José Córdoba se jubiló y ahora es su hijo Sergio el que mantiene el oficio. También es taxista de raza, de los que un día dijeron “los estudios no son lo mío” y se pusieron a trabajar. La primera vez que se puso al volante del taxi de  su padre fue en un arrebato juvenil. Una tarde se llevó el coche sin que lo vieran y sin permiso, ni licencia alguna, se puso a trabajar por las calles hasta que reunió dos mil pesetas. Cuando llegó a su casa le dijo a su padre: “Quería sacarme un dinerillo para el cine. Toma, mil para tí y mi para mí”.

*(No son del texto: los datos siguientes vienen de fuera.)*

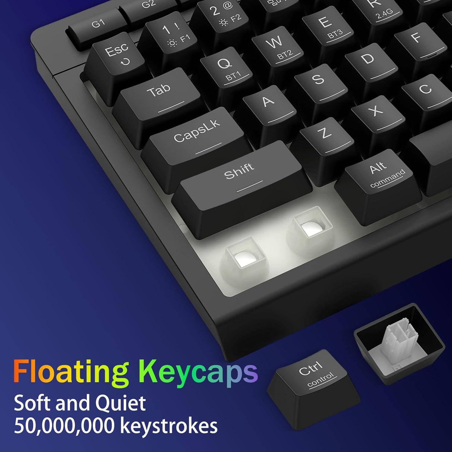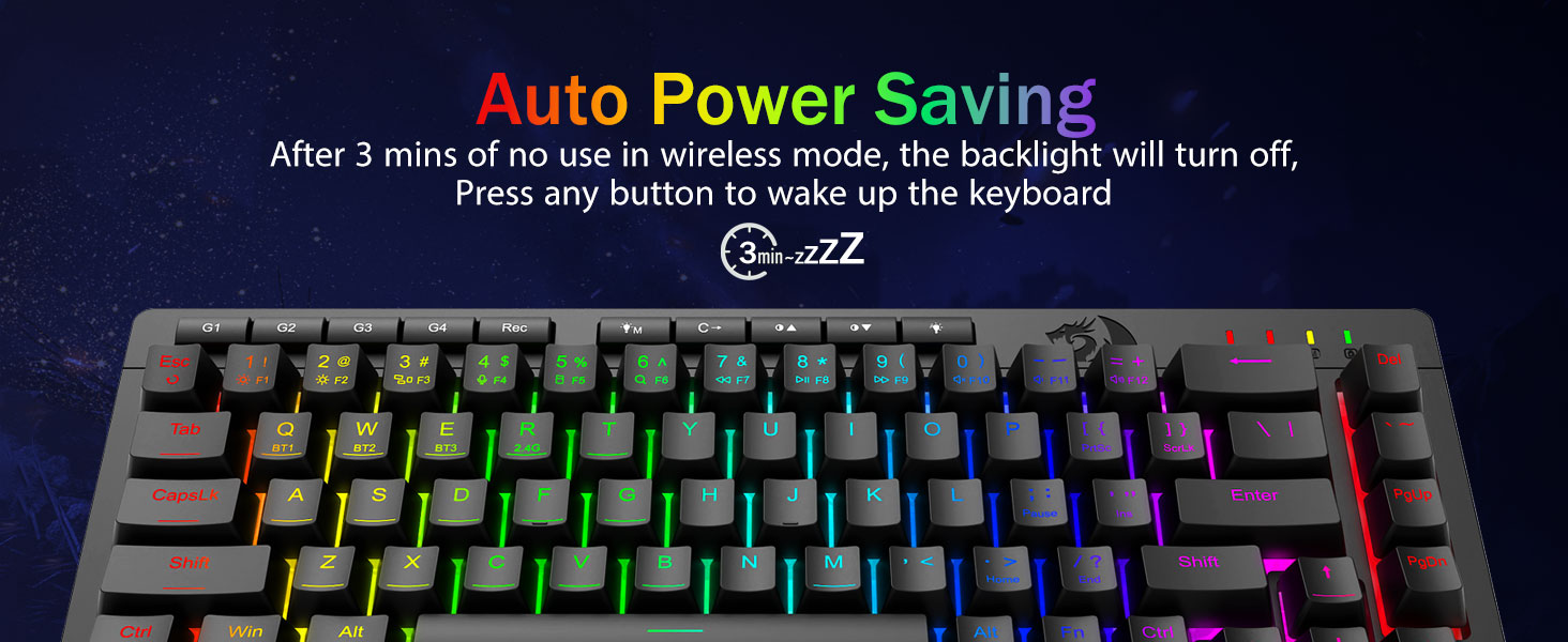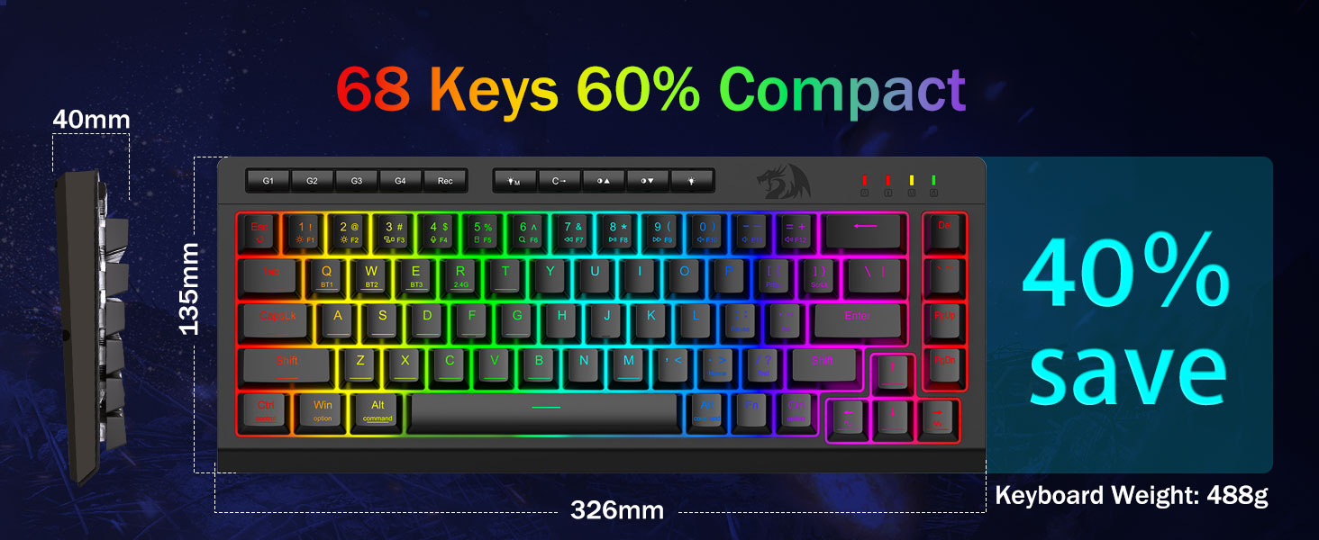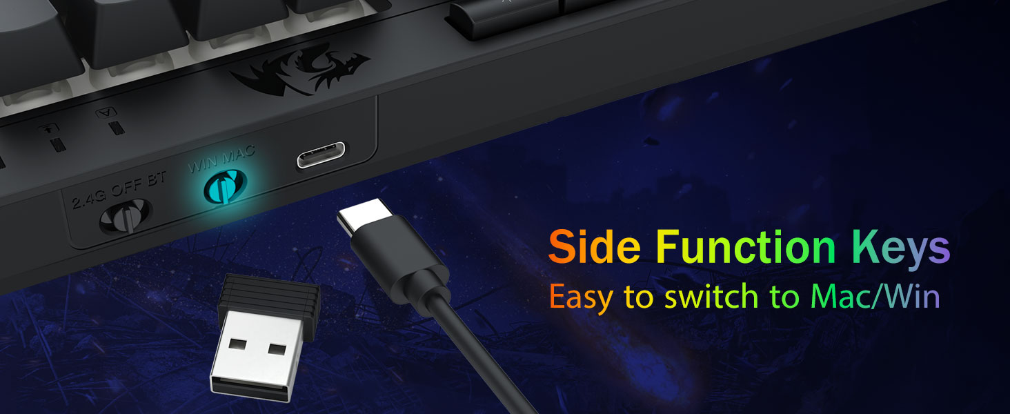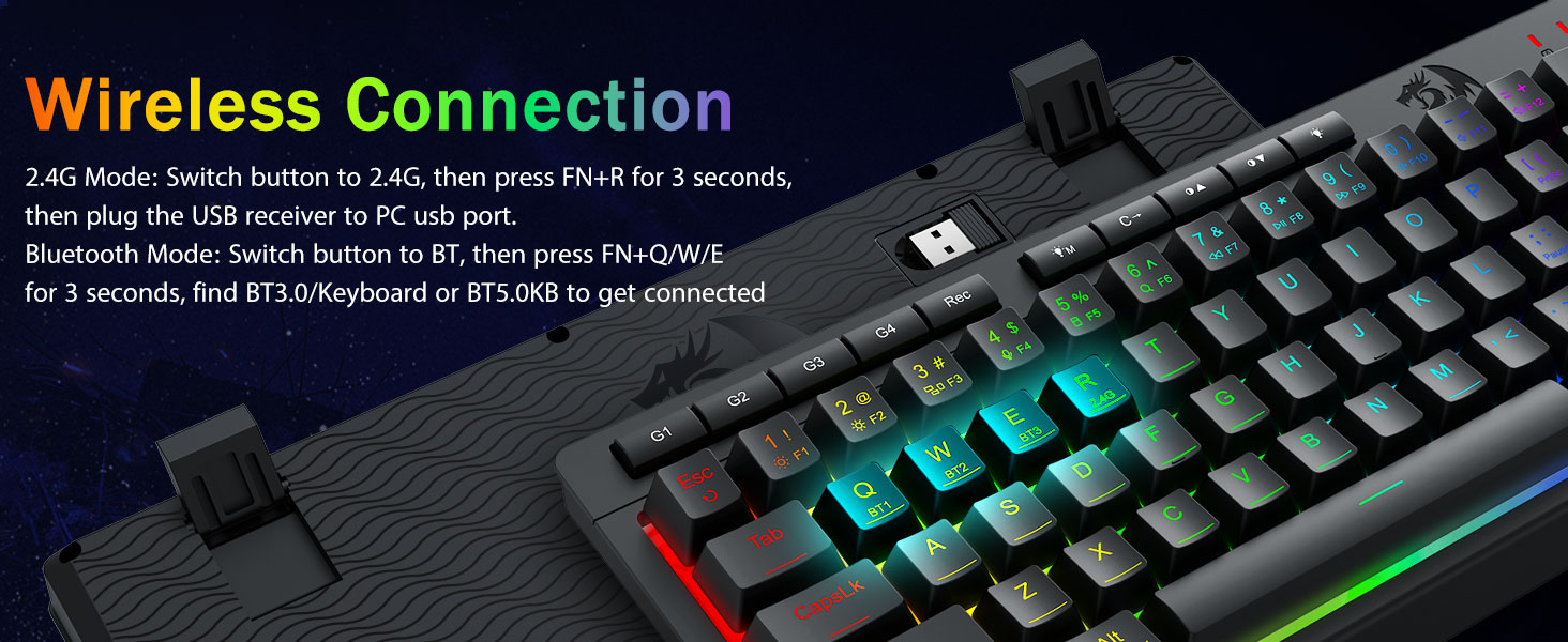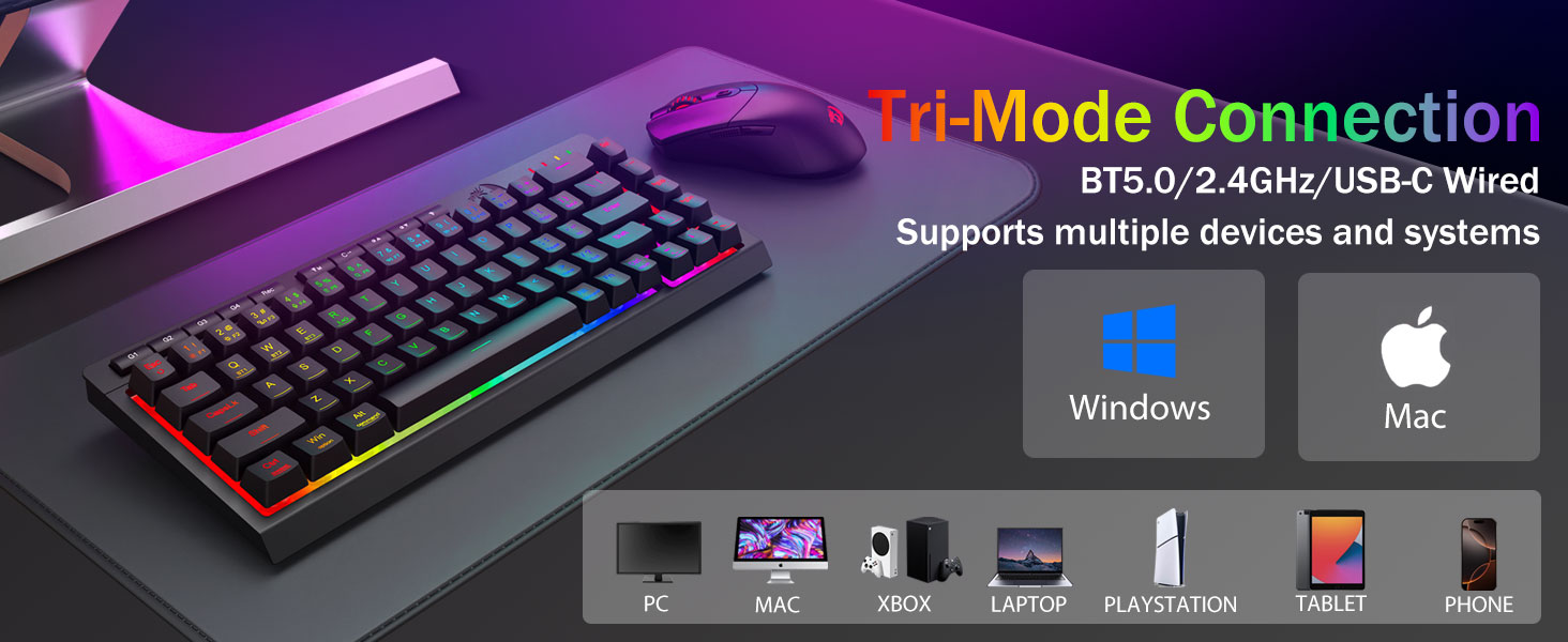 Tri-Modus Versatility & Multi Fabrica Dominatus -Seamlessly flectendum inter Bluetooth 5.0, 2.4GHz wireless, vel USB-C modos filatos, connectens simul ad 5 machinas (PC, Mac, tabulas, phones, PS/XBOX). Sine labore toggle cogitationes per breves claves vel partem conjunctionem-perfectam ad opus hybrid / ludum setups. Manete powered for hebdomades cum pugna 4,000mAh (30+ dierum standby, 50hrs RGB runtime).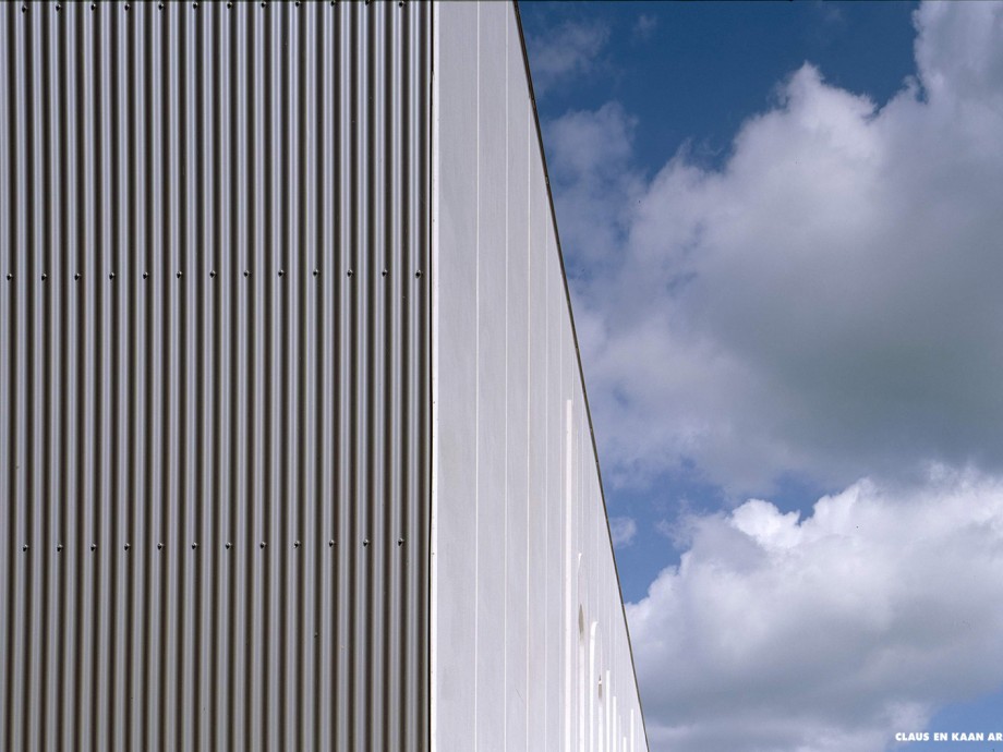 The project consists of two orthogonal volumes that turn their backs on a clutter of outlying sheds. One volume is for storage, the other offices. The latter has two faces: one quite closed façade, fronting onto the car park; the other with a glazed south-facing façade that overlooks the work yard. Behind this glass screen is a double-height gallery that gives access to the offices.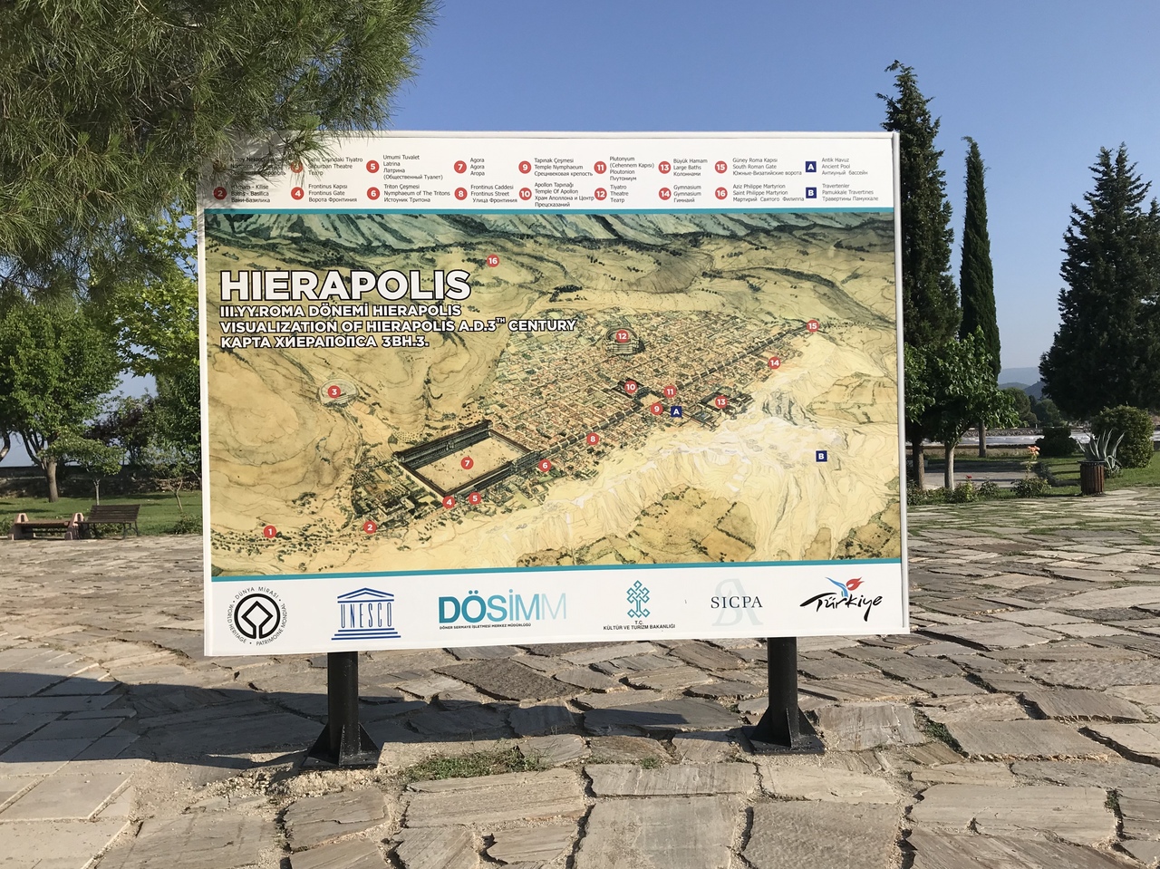 ツアーで行きました。パムッカレの石灰棚に行く途中、通っているのがヒエラポリス遺跡です。違いとても広い。見どころが点在。陽をさえぎるものが無いので夏場は帽子や飲み物、天気の急変用に雨具も携行してください。フリーだったらパムッカレ温泉や石灰棚を含め丸一日は時間を取りたい場所でした。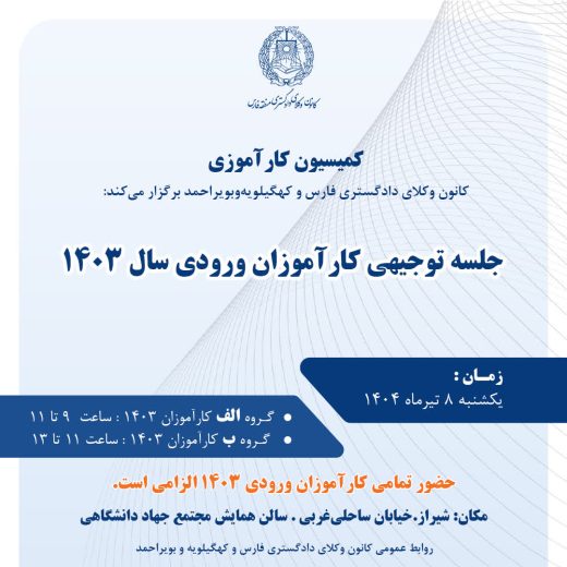 جلسه توجیهی کارآموزان وکالت ورودی سال ۱۴۰۳ کانون وکلای دادگستری فارس و کهگیلویه و بویراحمد روز یکشنبه مورخ ۱۴۰۴/۴/۸ از ساعت ۹ تا ۱۳ برگزار می گردد.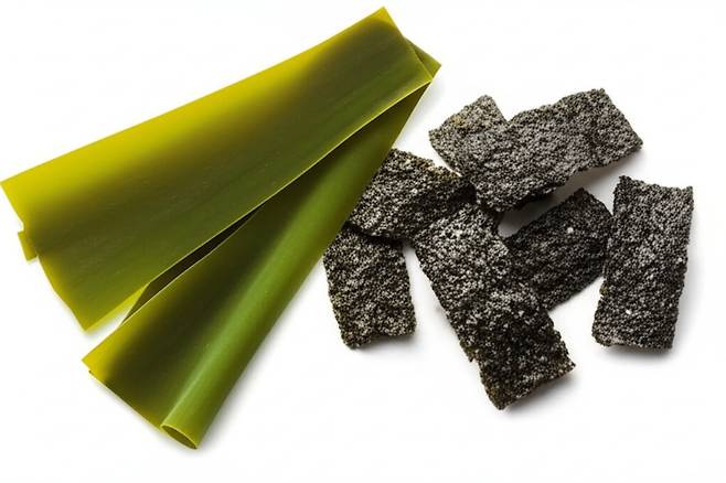 다시마는 튀기지 않고 생 다시마로 섭취하는 것이 가장 좋습니다. 다시마 표면에 생기는 흰 가루는 만니톨이라는 천연 감미료이니 안심하고 드세요.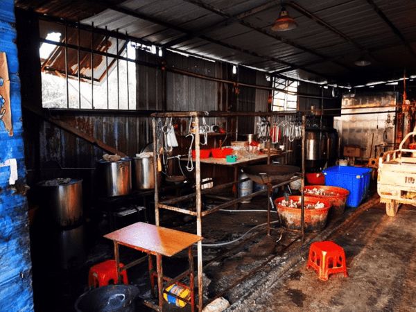 小黑房裡,惡臭撲鼻,20多個大塑料桶裡全泡著羊下水,血污、油污遍地。
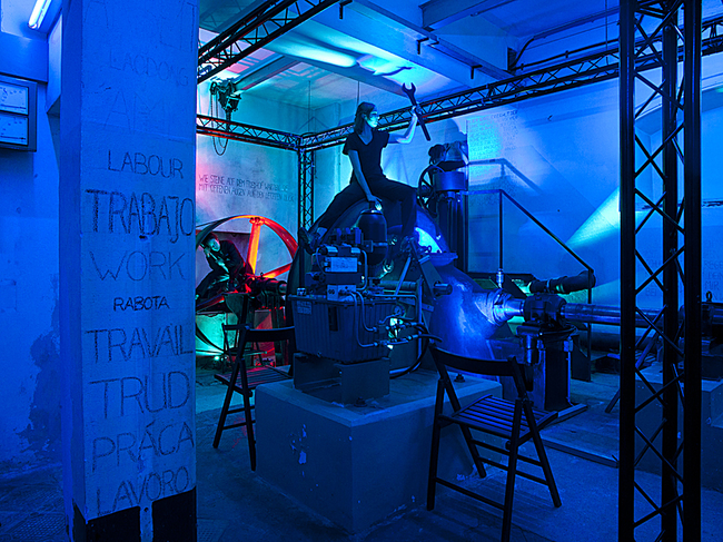 Das stillgelegte Kraftwerk im Vierundeinzig war für sich schon Metapher genug für Proneggs eindrückliche Performance über die „Tragödie der Arbeit“.
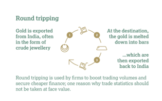 While the vast majority of Indian exports are genuine, there remains an element that is not. The practice of round tripping (RT) involves exporting gold (jewellery, bars or coins) with the sole purpose of the product being melted down and re-imported into the original exporting country. This circular flow of gold inflates trade statistics and in India is used by firms to artificially boost their trading volumes and, in turn, secure less expensive finance on the basis of a higher turnover. Due to various government programmes to promote overseas trade, export credit is usually less expensive, and inflating exports through round tripping allows exporters access to more credit at lower rates than other companies would pay.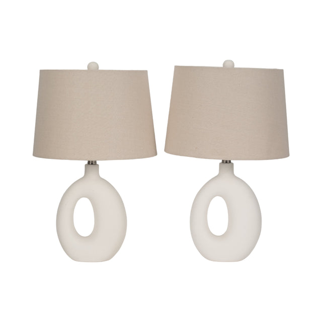 S/2 Ceramic 23" Open Cut Out Table Lamp, White/tan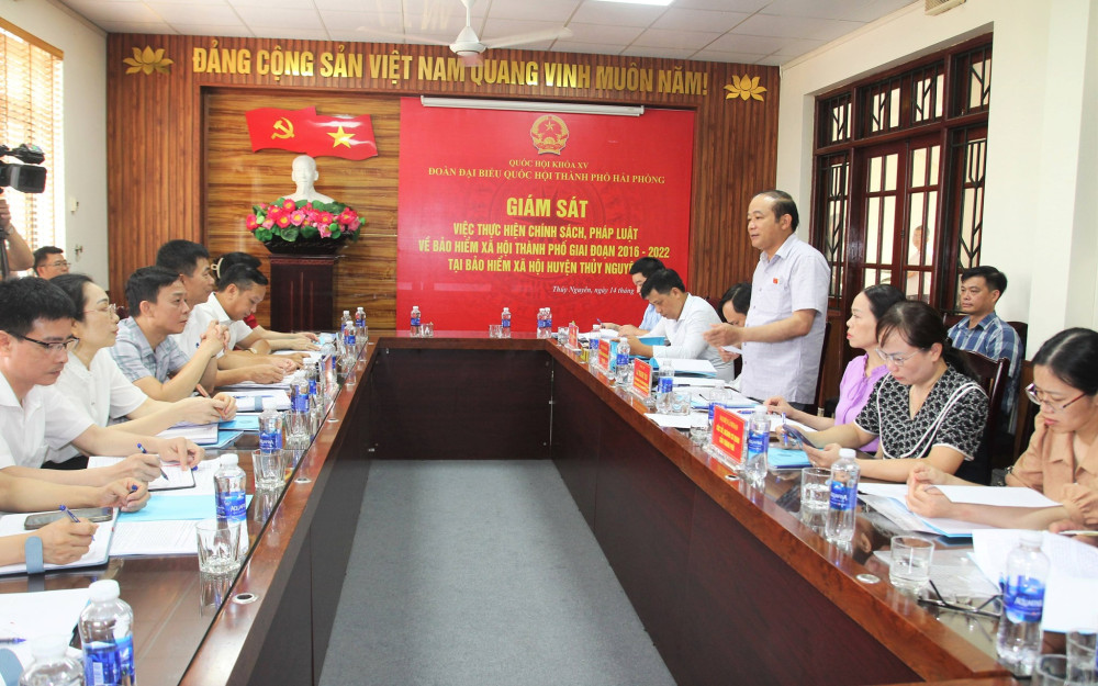 Sáng 14/7, Đoàn đại biểu Quốc hội thành phố Hải Phòng do Phó trưởng Đoàn đại biểu Quốc hội chuyên trách thành phố Lã Thanh Tân làm Trưởng đoàn, giám sát chuyên đề “Tình hình, kết quả thực hiện chính sách, pháp luật về BHXH giai đoạn 2016-2022” tại BHXH huyện Thuỷ Nguyên.

Desde aquél día no se ha bajado del asiento. Su vida se resume en doce y a veces hasta catorce horas al día trabajando por las calles. “Hacen falta dar muchas carreras para ganar dinero. Los primeros cuarenta euros sabes que son para cubrir los gastos del coche: que si la tasa de autónomo, que si el combustible, el seguro, el taller”, me cuenta.


Sergio empezó en la profesión en los años noventa y disfrutó de los buenos tiempos, cuando atábamos los perros con longaniza, cuando todos queríamos tener un piso nuevo, una casa en el campo y otra en la playa, cuando para ir al Paseo llamábamos a un taxi para que nos recogiera en la puerta de nuestra casa para no cansarnos. “Entonces  si se  ganaba dinero. La crisis de 2007 hizo mucho daño y nos obligó a echar más horas para ganar mucho menos. Desde 2014 se ha notado un ligero repunte, como una breve recuperación”, asegura.


La profesión de taxista requiere mucha paciencia, saber esperar. Cuántas veces pasamos por una parada y vemos una fila de taxis aguardando el milagro de un cliente. Unos leen el periódico, otros forman corros con los colegas para matar el tiempo, y otros se lanzan a la aventura del calle a calle para provocar la suerte. “Lo más duro en nuestro oficio es tirarte dos horas parado, y tienes que estar preparado porque ocurre con frecuencia. Hace treinta años sabías que si no llevabas bien el día te ibas a la vieja estación de autobuses y no tardas diez minutos en empezar a trabajar. Había momentos en los que ibas cargado y te salía un servicio en una acera y le decías al cliente: “En cinco minutos lo recojo”.